October 07, 2024
You’ve had a couple of answers with some very specific suggestions. Let me be a bit more general.
Once you’ve used a wireless (or self contained) VR system, you never want to go back to a tethered system. All of the cables need to go away.
An HTC Vive or Oculus Rift takes at least 15 minutes to set up, more like 30+ the first time you do it. An Oculus Quest is playable within about 2 minutes. For almost all consumers, that is a far superior experience. Extended setup times need to go away.
No one wants a hot, bulky, sweaty box strapped to their face. Headsets need to get lighter and have better human factors engineering.
Foveated rendering (FR) needs to be mainstream.
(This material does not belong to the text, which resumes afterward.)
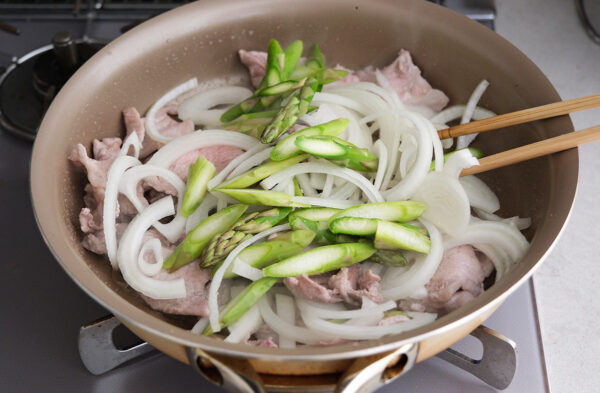 アスパラガスと玉ねぎを入れてさらに炒める。
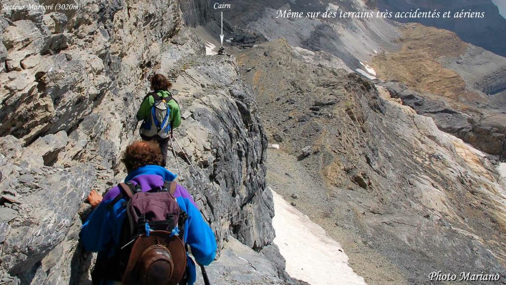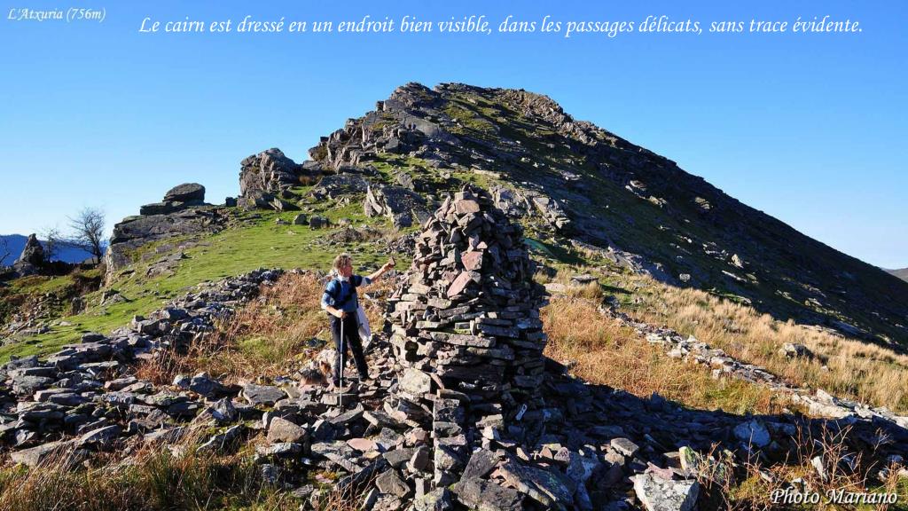 Le cairn est dressé en un endroit bien visible, dans les passages délicats, sans trace évidente. . . . . . . .

FR tracks eye motion in real time and redistributes the rendering effort to where you are focusing your attention. This enables a significant drop in processor time (and therefore power, heat etc) while maintaining high visual quality.
Haptics (sense of touch) are generally not good. Universal haptics for VR is a very hard problem to solve. Not sure what the answer is here, but I do know that it isn’t more vibration motors (what we’re currently using in most shipping VR systems).
User Interface & User Experience. There’s still a lot to figure out in terms of what makes sense and what doesn’t in VR. We’re just starting to have some general guidelines, but it’s early days. We need to get on with that.
Not exactly a technology, but VR needs a truly killer app. First person shooters were arguably the killer app for console games. VR needs its equivalent.
There’s lots more we could be doing, but that list is a good place to start.